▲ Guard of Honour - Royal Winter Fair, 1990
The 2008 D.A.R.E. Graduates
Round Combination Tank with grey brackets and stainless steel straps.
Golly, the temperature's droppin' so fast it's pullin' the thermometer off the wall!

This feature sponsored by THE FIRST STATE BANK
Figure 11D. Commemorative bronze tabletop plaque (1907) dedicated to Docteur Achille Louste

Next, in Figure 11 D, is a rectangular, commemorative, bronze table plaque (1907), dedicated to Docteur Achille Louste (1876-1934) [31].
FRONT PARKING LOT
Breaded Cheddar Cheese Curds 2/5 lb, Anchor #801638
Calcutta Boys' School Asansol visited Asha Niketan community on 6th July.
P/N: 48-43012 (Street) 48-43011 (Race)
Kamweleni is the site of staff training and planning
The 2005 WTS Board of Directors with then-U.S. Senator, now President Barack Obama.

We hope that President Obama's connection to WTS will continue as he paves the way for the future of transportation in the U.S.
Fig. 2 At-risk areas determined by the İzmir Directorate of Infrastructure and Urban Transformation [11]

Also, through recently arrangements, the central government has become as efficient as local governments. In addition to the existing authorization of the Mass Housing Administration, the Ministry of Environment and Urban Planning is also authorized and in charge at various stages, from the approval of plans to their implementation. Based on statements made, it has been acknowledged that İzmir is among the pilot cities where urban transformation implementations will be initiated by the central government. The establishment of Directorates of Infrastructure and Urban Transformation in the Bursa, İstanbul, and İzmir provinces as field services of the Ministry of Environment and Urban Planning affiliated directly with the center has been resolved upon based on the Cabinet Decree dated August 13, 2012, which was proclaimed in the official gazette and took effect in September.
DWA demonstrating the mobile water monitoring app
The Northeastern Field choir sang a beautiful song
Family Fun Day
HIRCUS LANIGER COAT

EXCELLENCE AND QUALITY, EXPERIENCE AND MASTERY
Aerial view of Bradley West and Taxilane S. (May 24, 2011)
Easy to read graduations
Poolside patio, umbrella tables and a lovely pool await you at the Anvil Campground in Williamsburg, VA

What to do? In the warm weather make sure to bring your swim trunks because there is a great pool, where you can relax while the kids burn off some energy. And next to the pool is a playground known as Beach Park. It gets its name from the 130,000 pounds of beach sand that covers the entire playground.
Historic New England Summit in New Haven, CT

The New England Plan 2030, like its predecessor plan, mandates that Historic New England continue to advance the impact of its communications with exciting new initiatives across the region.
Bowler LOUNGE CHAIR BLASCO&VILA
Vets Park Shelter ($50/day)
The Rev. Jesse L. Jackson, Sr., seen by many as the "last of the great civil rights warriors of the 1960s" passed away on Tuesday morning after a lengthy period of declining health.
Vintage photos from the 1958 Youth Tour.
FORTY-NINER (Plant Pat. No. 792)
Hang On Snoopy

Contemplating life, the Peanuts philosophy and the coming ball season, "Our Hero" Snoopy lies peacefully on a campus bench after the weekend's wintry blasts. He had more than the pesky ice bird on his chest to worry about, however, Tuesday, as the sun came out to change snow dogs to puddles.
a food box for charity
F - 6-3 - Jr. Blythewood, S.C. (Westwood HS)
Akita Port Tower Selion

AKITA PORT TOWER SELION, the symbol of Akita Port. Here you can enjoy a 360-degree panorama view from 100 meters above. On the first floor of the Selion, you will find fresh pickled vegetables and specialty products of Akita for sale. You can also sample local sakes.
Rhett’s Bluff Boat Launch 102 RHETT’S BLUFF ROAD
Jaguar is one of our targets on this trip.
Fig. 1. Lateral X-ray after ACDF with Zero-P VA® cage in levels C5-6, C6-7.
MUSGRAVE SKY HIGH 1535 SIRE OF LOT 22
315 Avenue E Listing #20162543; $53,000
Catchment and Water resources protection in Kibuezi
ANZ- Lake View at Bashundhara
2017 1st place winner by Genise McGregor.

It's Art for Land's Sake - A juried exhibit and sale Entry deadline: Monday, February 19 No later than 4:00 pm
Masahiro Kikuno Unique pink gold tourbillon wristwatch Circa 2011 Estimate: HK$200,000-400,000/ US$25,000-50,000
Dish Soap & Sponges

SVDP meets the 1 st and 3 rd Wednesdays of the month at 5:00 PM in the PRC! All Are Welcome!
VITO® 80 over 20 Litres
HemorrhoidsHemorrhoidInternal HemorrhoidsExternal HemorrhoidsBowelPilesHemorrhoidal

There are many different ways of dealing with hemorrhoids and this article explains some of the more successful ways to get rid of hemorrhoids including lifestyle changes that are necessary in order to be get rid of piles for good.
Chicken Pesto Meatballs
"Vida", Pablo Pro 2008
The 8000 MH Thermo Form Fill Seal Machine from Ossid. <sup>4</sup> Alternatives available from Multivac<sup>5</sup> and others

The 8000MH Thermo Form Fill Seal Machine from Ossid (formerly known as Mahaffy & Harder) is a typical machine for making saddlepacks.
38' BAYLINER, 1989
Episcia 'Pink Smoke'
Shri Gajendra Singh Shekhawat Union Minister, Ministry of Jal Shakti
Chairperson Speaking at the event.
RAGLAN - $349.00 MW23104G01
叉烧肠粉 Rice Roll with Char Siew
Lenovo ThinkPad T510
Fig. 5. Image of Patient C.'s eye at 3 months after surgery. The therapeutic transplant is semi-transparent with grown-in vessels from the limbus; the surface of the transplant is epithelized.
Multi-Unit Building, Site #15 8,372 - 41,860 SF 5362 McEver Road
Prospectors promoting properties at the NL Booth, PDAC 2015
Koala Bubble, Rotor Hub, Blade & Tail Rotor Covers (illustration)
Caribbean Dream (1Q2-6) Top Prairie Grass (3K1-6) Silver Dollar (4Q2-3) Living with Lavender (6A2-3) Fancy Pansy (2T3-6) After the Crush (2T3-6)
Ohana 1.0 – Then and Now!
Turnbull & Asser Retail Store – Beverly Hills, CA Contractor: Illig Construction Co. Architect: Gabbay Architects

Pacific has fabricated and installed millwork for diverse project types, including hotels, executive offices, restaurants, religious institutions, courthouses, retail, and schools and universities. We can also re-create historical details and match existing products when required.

◆ ◆ ◆ ◆

Transcribe each line of the data above, unaltered, from the one where "This feature sponsored" appears to the one where "Kamweleni is the" appears, inclusive of both.

This feature sponsored by THE FIRST STATE BANK
Figure 11D. Commemorative bronze tabletop plaque (1907) dedicated to Docteur Achille Louste

Next, in Figure 11 D, is a rectangular, commemorative, bronze table plaque (1907), dedicated to Docteur Achille Louste (1876-1934) [31].
FRONT PARKING LOT
Breaded Cheddar Cheese Curds 2/5 lb, Anchor #801638
Calcutta Boys' School Asansol visited Asha Niketan community on 6th July.
P/N: 48-43012 (Street) 48-43011 (Race)
Kamweleni is the site of staff training and planning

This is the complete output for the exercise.